Translator: zhangxiaoxiao
This document describes how to migrate network scripts from the TensorFlow or PyTorch framework to MindSpore。
Migrate scripts by reading the TensorBoard graphs。
The PoseNet implemented by TensorFlow is used as an example to show how to use TensorBoard to read graphs, write MindSpore code, and migrate TensorFlow Models to MindSpore.
The PoseNet code mentioned here is based on Python2. You need to make some syntax changes to run on Python3. Details are not described here.
Rewrite the code, use tf.summary
interface, save the log required by TensorBoard, start TensorBoard.
The following figure shows the opened TensorBoard, and it's for reference only. This may vary depending on how the log is generated. The figure displayed on TensorBoard may vary in the log generation mode.
Find the Placeholder of three inputs, view the figure and read the code, and the second and third inputs are used only for loss calculation.

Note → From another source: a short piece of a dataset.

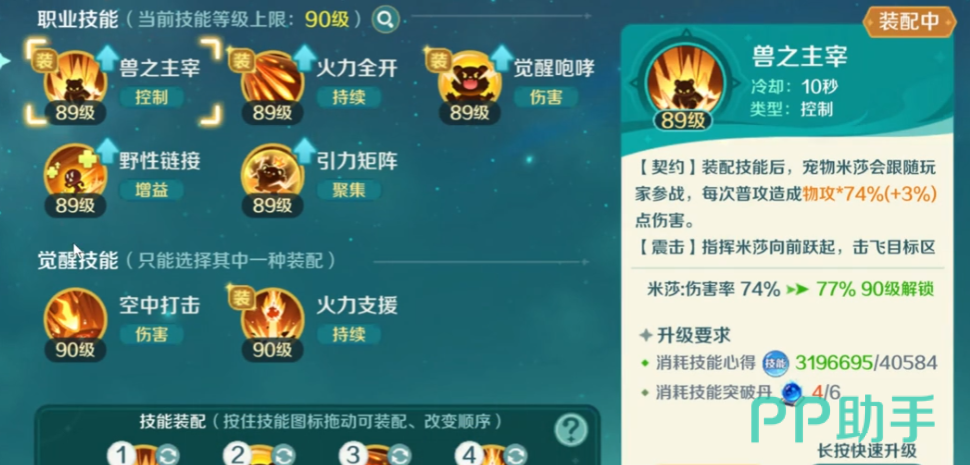 首先是PVP和PVE当中其实对于猎魔人的玩法大家是要完全分开的,PVE这里可以点的是兽之主宰,火力全开,觉醒咆哮这几个技能,其中的兽之主宰,主要是带来【契约】的装配效果,这个技能使用技能后,其中召唤来的宠物米莎就会跟随玩家一起参战,其中的每次普攻造成物攻的74%(+3%)点伤害数值,然后如果指挥米莎向前跃起,还可以击飞目标区当中的敌人,这个效果就是【震击】的效果,这里米莎的伤害率就是74%的数值,后期可以在90级的时候解锁77%这个数值。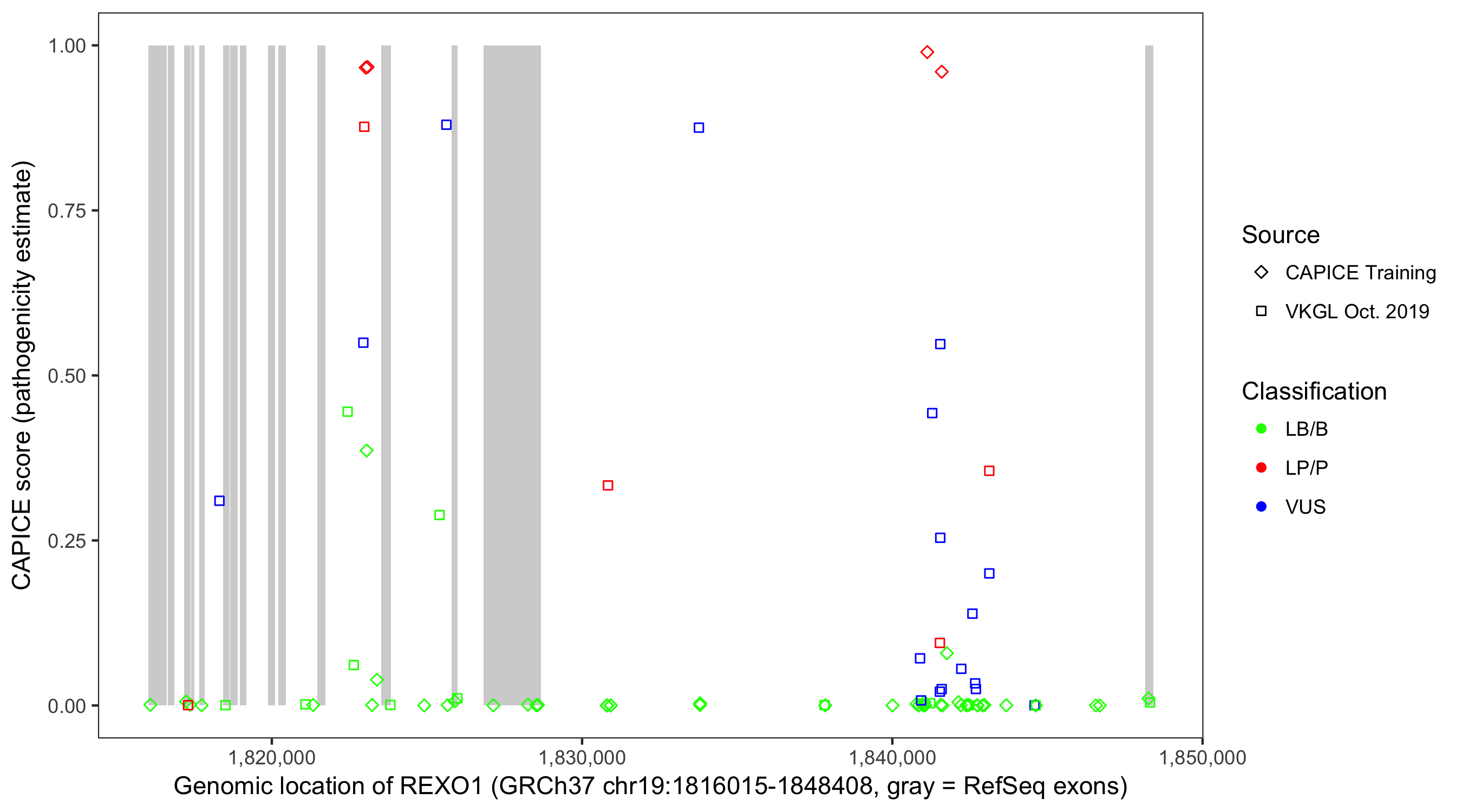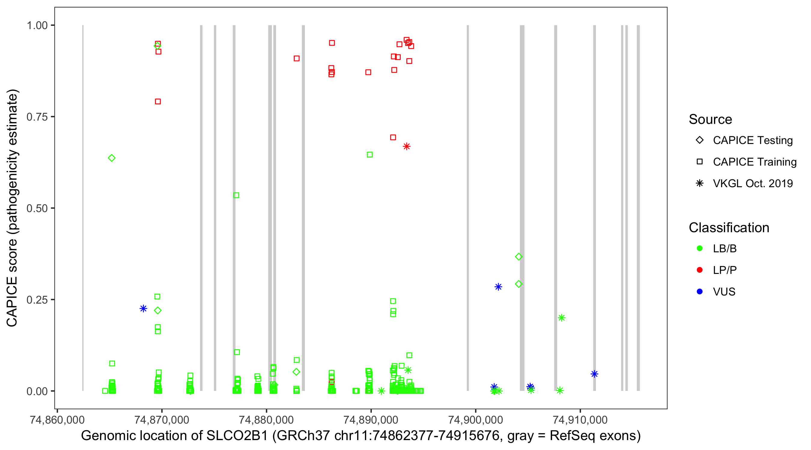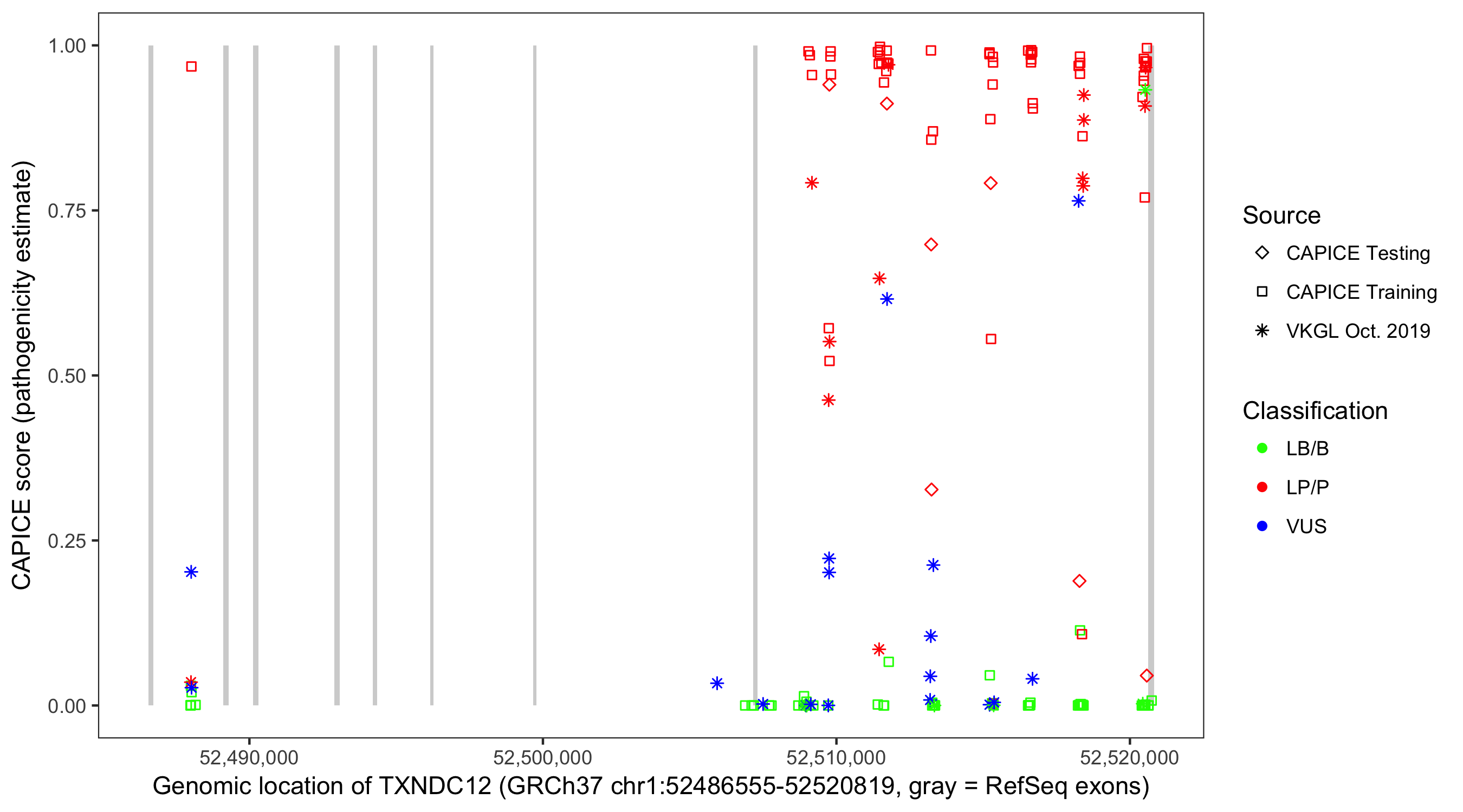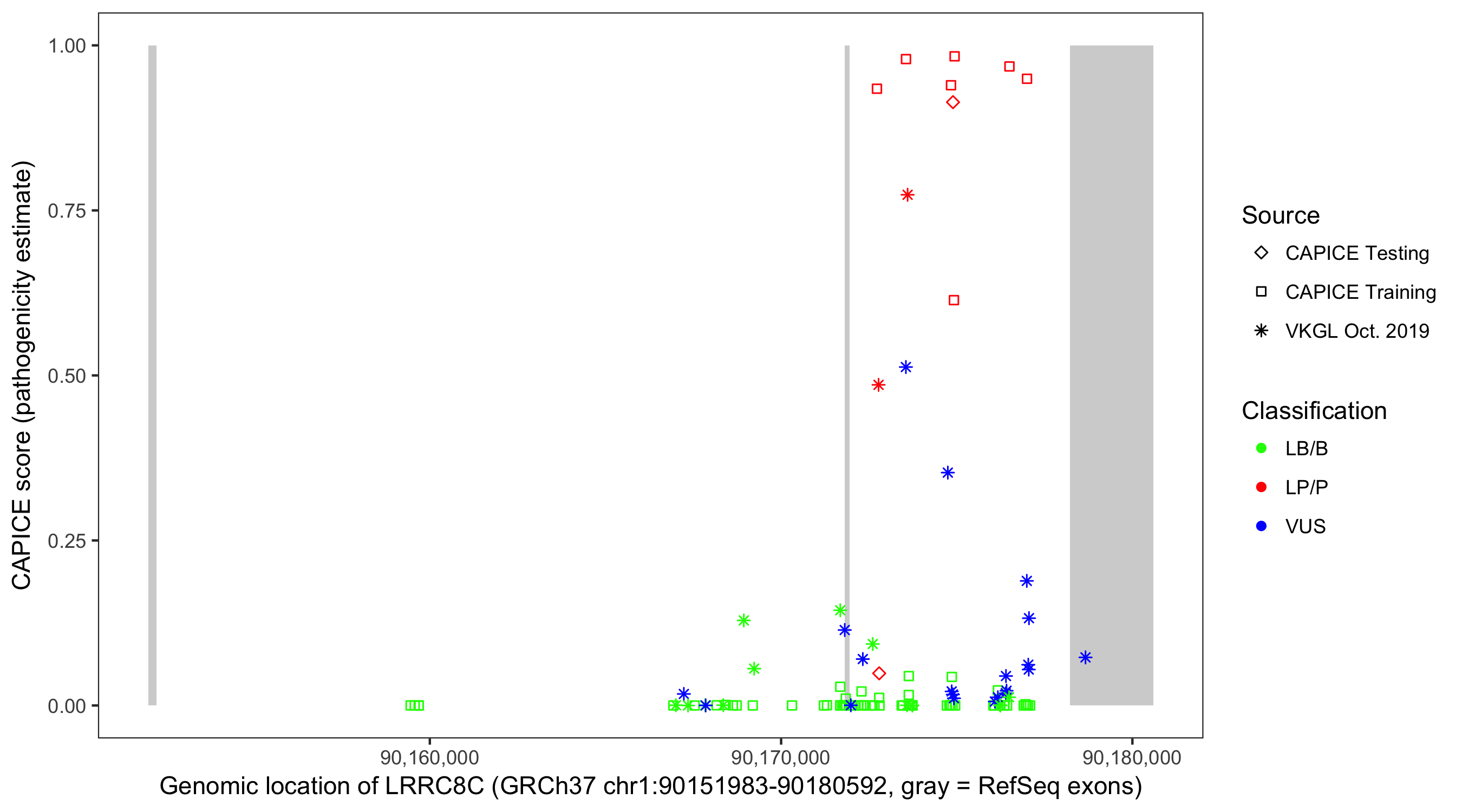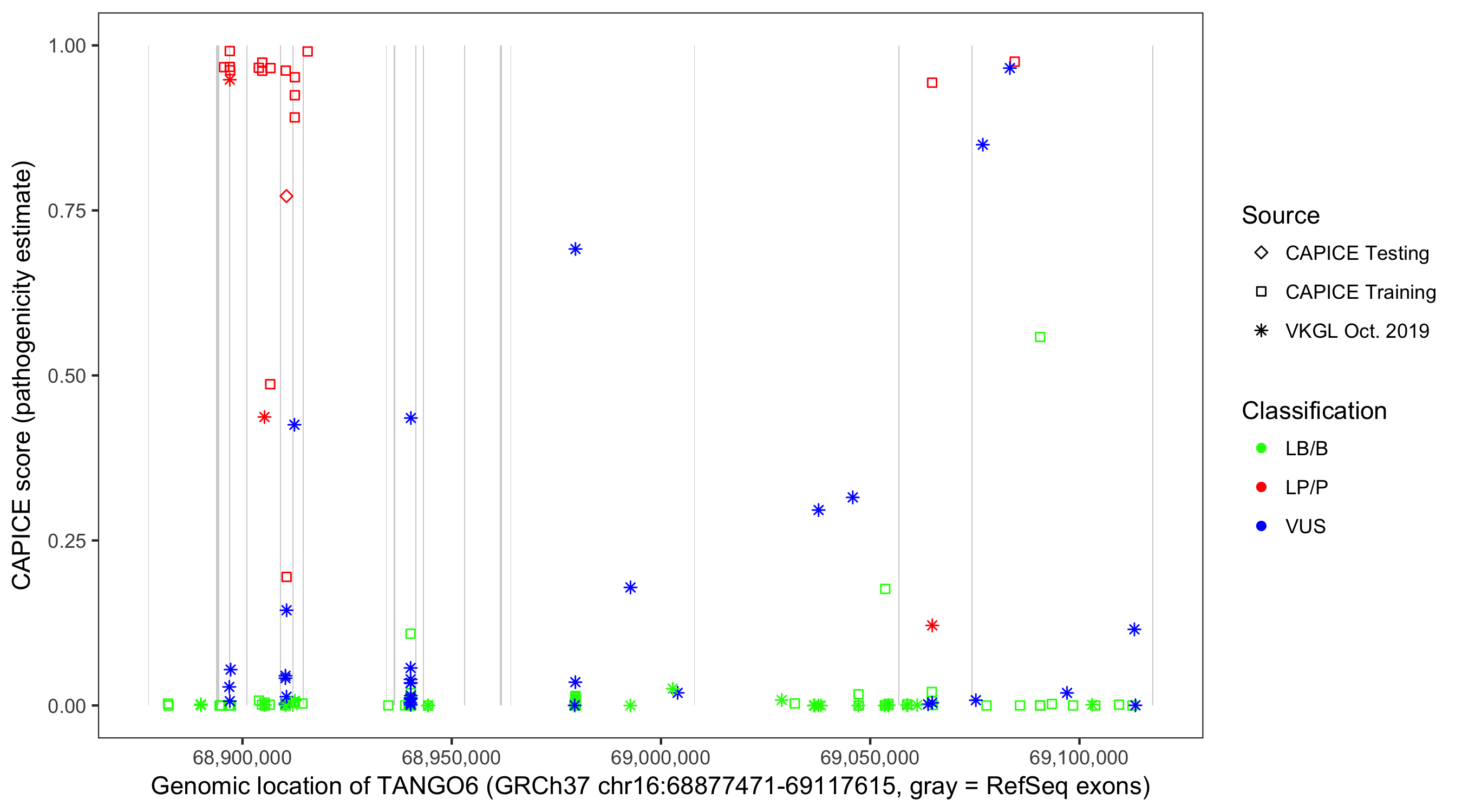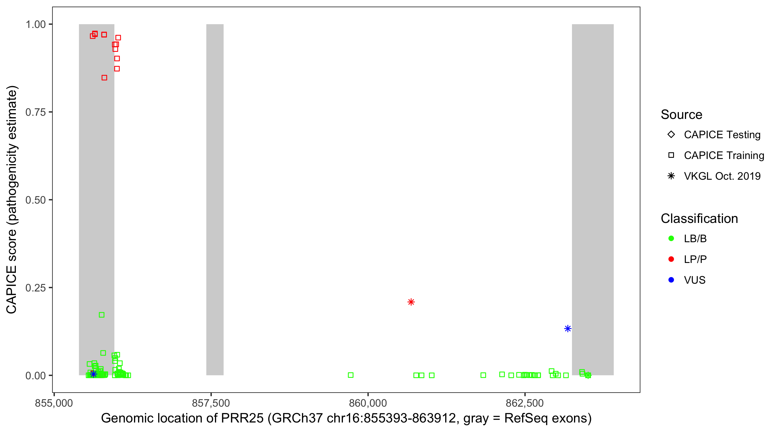 Shown are CAPICE train/test variants plus VKGL Oct 2019.

So far, we can preliminarily follow three steps to construct a network model:
Step 1, the first input will compute six outputs in the backbone in the three inputs of the network.
Step 2, the result of step 1, the second and third inputs are used to calculate the loss in the loss subnet.
Step 3, construct the reverse network by using TrainOneStepCell
automatic differentiation. Use the Adam optimizer and attributes provided by TensorFlow to write the corresponding MindSpore optimizer to update parameters. The network backbone can write as follows:
import mindspore
from mindspore import nn
from mindspore.nn import TrainOneStepCell
from mindspore.nn import Adam
# combine backbone and loss
class PoseNetLossCell(nn.Cell):
def __init__(self, backbone, loss):
super(PoseNetLossCell, self).__init__()
self.pose_net = backbone
self.loss = loss
def construct(self, input_1, input_2, input_3):
p1_x, p1_q, p2_x, p2_q, p3_x, p3_q = self.poss_net(input_1)
loss = self.loss(p1_x, p1_q, p2_x, p2_q, p3_x, p3_q, input_2, input_3)
return loss
# define backbone
class PoseNet(nn.Cell):
def __init__(self):
super(PoseNet, self).__init__()
def construct(self, input_1):
"""do something with input_1, output num 6"""
return p1_x, p1_q, p2_x, p2_q, p3_x, p3_q
# define loss
class PoseNetLoss(nn.Cell):
def __init__(self):
super(PoseNetLoss, self).__init__()
def construct(self, p1_x, p1_q, p2_x, p2_q, p3_x, p3_q, poses_x, poses_q):
"""do something to calc loss"""
return loss
# define network
backbone = PoseNet()
loss = PoseNetLoss()
net_with_loss = PoseNetLossCell(backbone, loss)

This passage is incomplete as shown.